# Buffering avec Partage à domicile Apple TV 4



## jujuxim (26 Novembre 2015)

Bonjour à tous,

j'ai acheté la nouvelle Apple TV (4ème génération) et quand je fais du partage à domicile avec des vidéos réencodées par moi (avec IVY Pro), l'épisode (ou le film) s'arrête régulièrement, et puis reprend. Quand je regarde la barre de progression, je vois que l'Apple TV ne bufferise qu'une partie et s'arrête ensuite. Je n'ai aucun soucis par contre avec la 3ème génération qui met en tampon tout l'épisode et très vite. J'ai trouvé que je n'étais pas le seul avec ce soucis sur des forums US (j'ai acheté mon Apple TV aux US) mais je ne vois aucune trace ici. Est-ce que vous avez le même soucis ? Avez-vous trouvez une solution ? J'ai le soucis aussi en ethernet que en Wi-fi et les fichiers sont sur mon iMac. Merci


----------



## Eric01 (2 Décembre 2015)

Bonjour,

Même soucis avec des films achetés sur l'Apple Store et téléchargé sur mon Mac, par contre, ces mêmes films marchent très bien sur l'Apple TV3. Bizarrement, j'ai d'autres films en HD qui se lisent sans problème.

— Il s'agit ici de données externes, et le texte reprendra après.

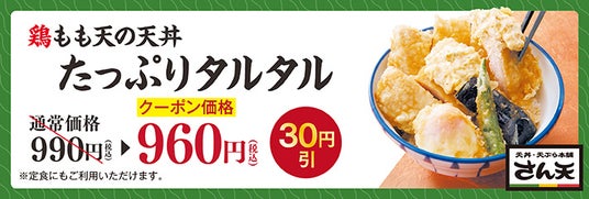さらに「天丼・天ぷら本舗 さん天」公式アプリでは、フェア商品でお使いいただける30円引きクーポンを配信いたします。ぜひ、お得にご利用ください。
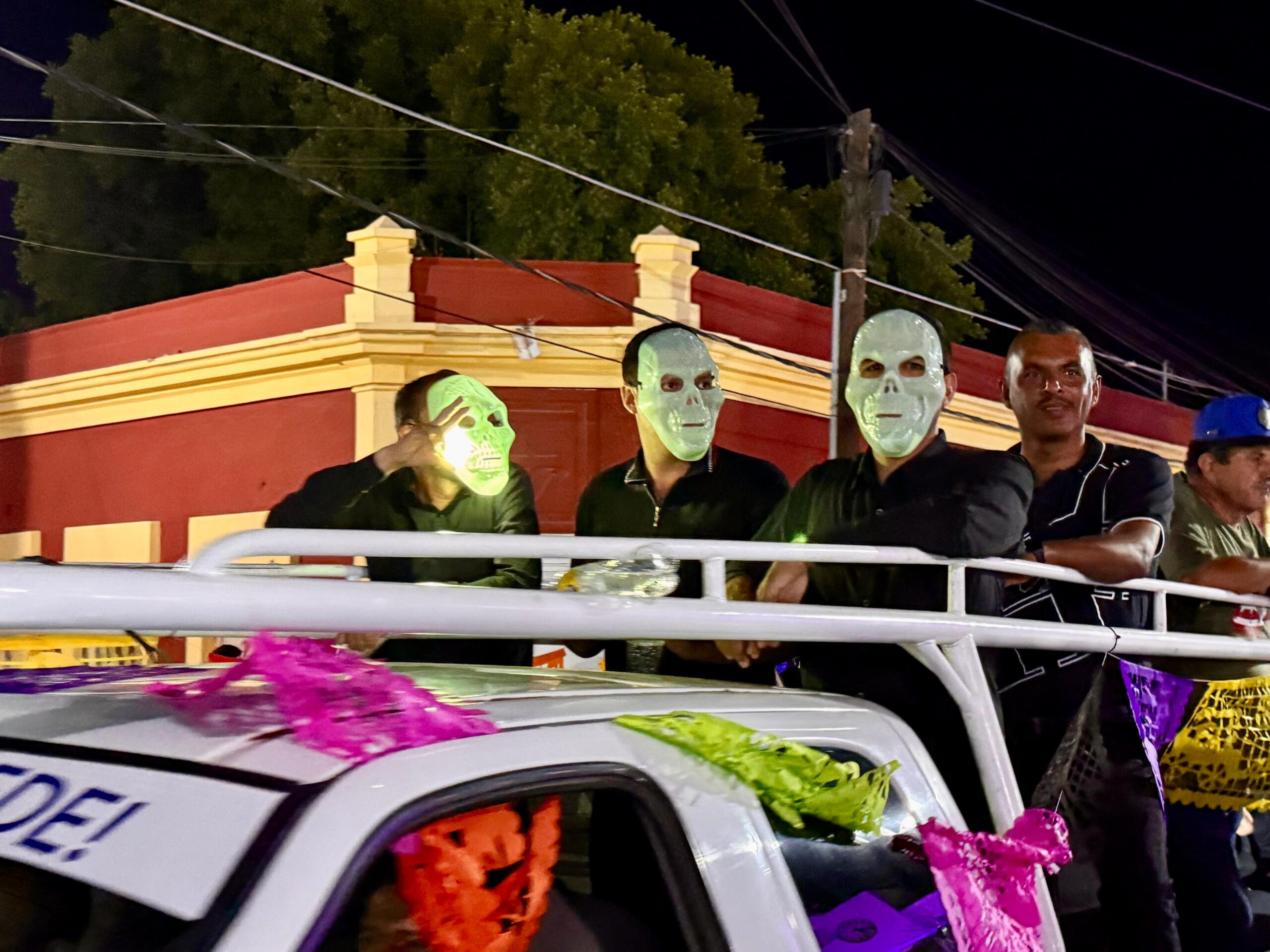 Durante el recorrido, se contó con la entusiasta participación de instituciones escolares, grupos de danza del Ayuntamiento y del Sistema DIF, quienes llenaron de música, color y alegría esta tradicional festividad que honra la memoria de quienes han partido.

J'ai eu aussi un soucis avec un film en location, le buffering ne commence pas, l'apple TV4 saute et revient au menu de lancement du film et il y a un message d'erreur d'iTunes sur le Mac. Hélas, ce film fonctionne normalement sur l'Apple TV3.

Malheureusement, je n'ai pas trouvé de solution, redémarrage, reinitialisation ...

Il faut attendre une mise à jour !


----------



## Eric01 (5 Décembre 2015)

Hier soir, encore un film en location impossible à lire avec l'Apple TV4, quand j'appuie, l'écran devient noir et ça saute au menu avec un message d'erreur sur le Mac !!!
J'ai remis l'Apple TV3 et ça marche !

Personne n'a ça ?


----------



## Eric01 (9 Décembre 2015)

Bon, mise à jour en version 9.1 ce jour, le problème de "buffering" semble avoir disparu. Par contre je n'ai pas peu essayer un film en location. pour voir


----------



## jujuxim (10 Décembre 2015)

Eric01 a dit:


> Bon, mise à jour en version 9.1 ce jour, le problème de "buffering" semble avoir disparu. Par contre je n'ai pas peu essayer un film en location. pour voir


Moi aussi la mise à jour à résolu le problème, je n'ai pas tester d'achat, mais je passe régulièrement par le cloud.


----------



## Eric01 (10 Décembre 2015)

Les films achetés fonctionnaient avant la mise à jour (sauf pour le buffering), c'est les films en location qui ne passaient pas chez moi !


----------